Risk.net has recently run a story about the "risk matters hypothesis" which refers to Sharpe’s Arithmetic and the Risk Matters Hypothesis by Haghani, Ragulin and White (2023).

If I understand its message correctly, the claim is that an average active managed portfolio will achieve worse risk-adjusted returns (measured with Sharpe ratio, I presume) than the passive portfolio. Indexers everywhere rejoice! But, since the algebra used in the article looks less rigorous than desired, I tried to validate this result with some simple concrete numbers, and arrived at, let's say, divergent conclusion.

Let the risk free rate be 0. There is a market portfolio that yields an expected return of $\mu_m$=5% at the risk of $\sigma_m$=10%. One can also invest in an active managed portfolio, which returns in expectation $\mu_a$=10% but with commensurately increased risk $\sigma_a$=20%. The two should be independent so $\rho_{ma}$=0, otherwise without loss of generality we could just count the correlated part of the active portfolio as part of the passive market portfolio and treat only the remainder as "active" - this can be relaxed anyway, the calculations below work also for $\rho_{ma}$≠0.

There is a fund 1 that has invested $w_{1m}$=1 000 000 into the market and $w_{1a}$=100 000 into the active instrument. It earns expected return $\mu_m w_{1m} + \mu_a w_{1a}$ = 60 000 and bears risk $\sqrt{\mu^2_m w^2_{1m} + \mu^2_a w^2_{1a}}$=101 980, so it achieves Sharpe ratio $SR_1$=58,8%.

Since in aggregate only the market can be invested into, there must also be a fund 2 that has gone short with $w_{2a}$=-$w_{1a}$=-100 000 into the actively managed portfolio, and also lets say it put $w_{2m}$=2 000 000 into the market. This fund earns expected return of $\mu_m w_{2m} + \mu_a w_{2a}$ = 90 000 in exchange for risk $\sqrt{\mu^2_m w^2_{2m} + \mu^2_a w^2_{2a}}$=200 998, with $SR_2$=44,8%.

This means that an "average" Sharpe ratio across existing funds is (58,8%+44,8%)/2=51,8%. Compare this to a passive investor who just puts everything into the market portfolio, getting $SR$=$\mu_m$/$\sigma_m$=50%. It would seem the "average" active manager can outperform on the risk-adjusted return basis (before costs ofc, and for this set of parameters).

Or did I misunderstand something very simple and fundamental about the article?

Answer 1

I didn't read the referenced paper, but I did try to replicate your numbers. I agree with your calculations for the individual Sharpe ratios for the two portfolios.

However, I do not agree with your approach to "average Sharpe" calculation. You are using a simple average but the second portfolio is nearly 2x the first.

If you take a weighted average, you will get a Sharpe ratio of 49.931%, which is below the 50% Sharpe of your market portfolio.

Answer 2

I agree with AlRacoon that the construction of the average matters a lot here. And thinking about what matters I would like to focus, as they do in the paper, on the aggregate outcome.
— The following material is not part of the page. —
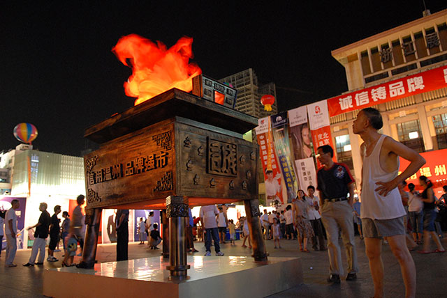 2007年8月8日,奥康第二次在武林广场举起火把,点燃了“诚信之火”,铸诚信之鼎。这是一把诚信之火,一把品牌之火,一把创新之火,只为极力寻回温州皮鞋的尊严,呼吁全社会对温州皮鞋重新定位,也警告所有的鞋行业温商包括自己,一定要“言必行,信必果”,树立正确的诚信价值观,让温州鞋涅槃重生、驰骋四海,以诚信行天下。

You can either hold the market portfolio directly, or you can hold it through active and passive managers that collectively holds it at all times by privately holding different parts of it at different times (imagine that you buy all shares of all funds and that they together hold the market portfolio). The trading among and between them does not alter your returns. Not as long as they don't alter the market porfolio that is.

How could the active funds alter the market portfolio? Maybe if they spot an undervalued company with good investment opportunities. They buy the company's share from passive hodlers thus bidding up the price giving a signal to the company it should issue more shares and invest in their business. If the active funds have made the right decision, the market portfolio and the real investments in the economy change in the right directions.

Given a static market portfolio though, the active funds can add nothing in aggregate, just some of them outperforming some others. Or as it is stated in the paper: "Logic dictates that investors cannot in aggregate be rewarded for the extra risk they incur in owning concentrated stock portfolios."